Generally speaking, for the best EMC with the lowest overall costs, now and in the future, copper cables should only be used for (well-filtered!) AC or DC power. And all signals, data, and controls should use either (metal-free) fibre-optic cables or proven-industrially-robust and reliable wireless datalinks.

Endnotes

  1. It is always a problem in a brief article like this for an author to know how far to go into the detail, especially where safety issues are concerned.
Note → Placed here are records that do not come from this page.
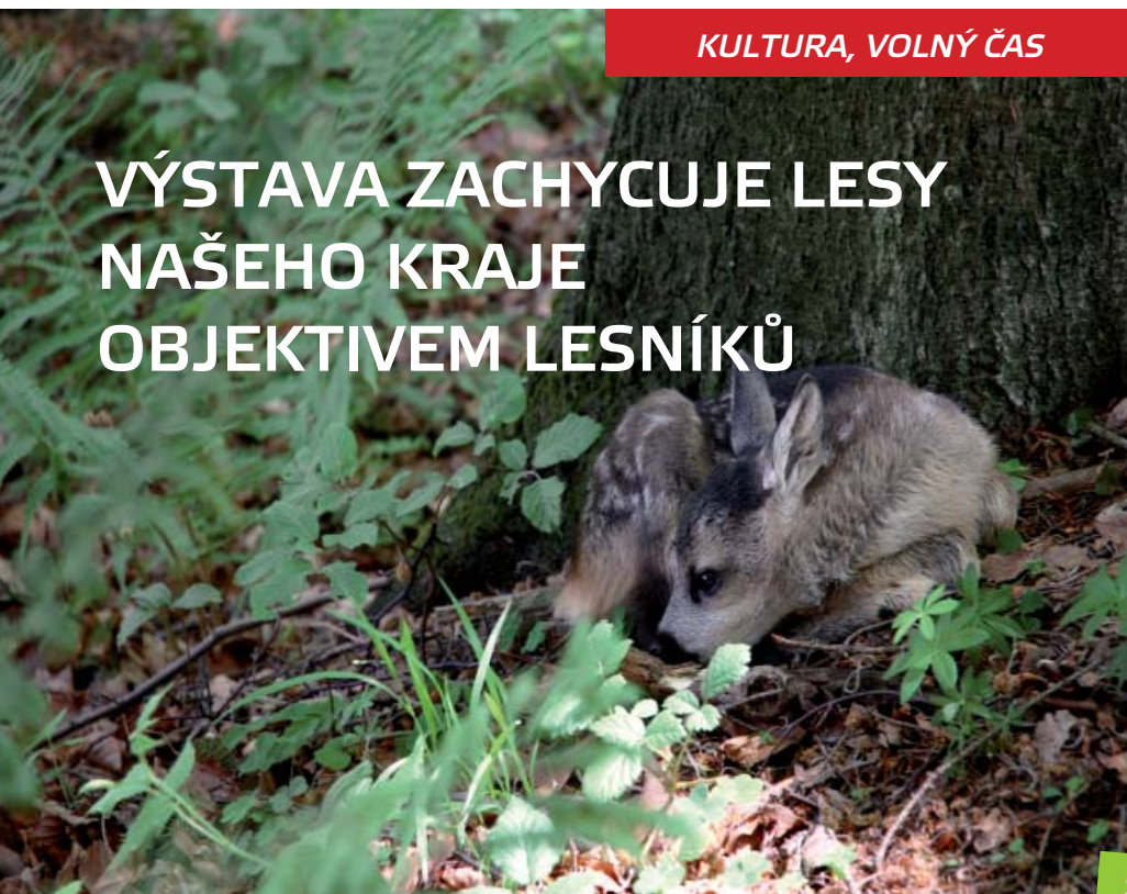
Bezpečí lesa. Foto Jan Kunčar, vítěz kategorie Lesní fauna a flóra

Galerie mladých Vlastivědného muzea Šumperk zahájila 4. prosince výstavu s názvem Lesy KŘ Šumperk objektivem lesníků 2013 .
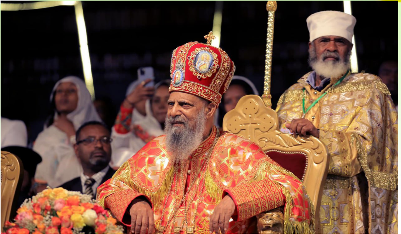
ብፁዕ ወቅዱስ አቡነ ማጉያስ
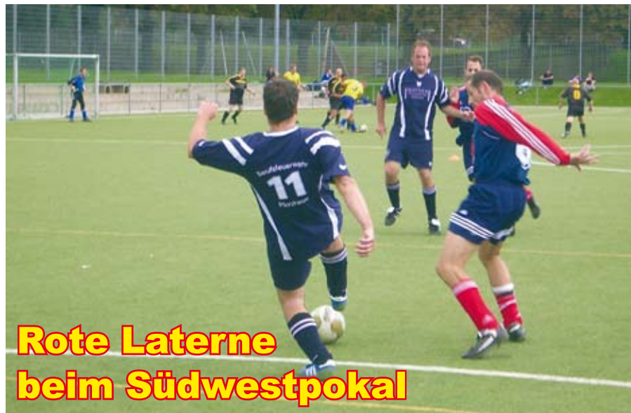
Rote Laterne beim Südwestpokal

Beim 44. Fußball-Südwestpokal der Berufsfeuerwehren in Trier musste sich die Mannschaft aus Pforzheim in diesem Jahr gegen neun weitere Teams aus Baden-Württemberg, Hessen, Rheinland-Pfalz und dem Saarland behaupten.

I have to assume that my readers understand that testing an IBN by isolating it and charging it up to 10kVDC has the potential to injure people due to electric shock – therefore such tests should only be carried out by people independently certified as being competent to perform them, and who regularly perform such tests. The high-voltage test generators must be current-limited to help prevent dangerous shocks, and the area of the IBN and near to it kept reliably off-limits to all personnel not directly involved.
  2. All conductors (including any metalwork) are “accidental antennas,” whether we want them to be or not.
  3. For example, I have seen such a guide from the 1970s that said the SRPP for a computer room had to maintain an ‘equipotential voltage’ from one corner to another that should not exceed 0.7V at frequencies up to 30MHz.
  4. This article is not the place to discuss mesh sizing in detail. But, for more information about EMC, see EMC for Systems and Installations, Tim Williams and Keith Armstrong. Also see section 5 of “Good EMC Engineering Practices for Fixed Installation” at https://www.emcstandards.co.uk/good-emc-engineering-practices-for-fixed-instal2 for information on using rebar meshes and the like to help protect installations from the powerful electromagnetic pulses (EMP) that can be created by lightning and nuclear explosions (e.g.: LEMP, HEMP, NEMP, etc.).
  5. EMC for Systems and Installations training course.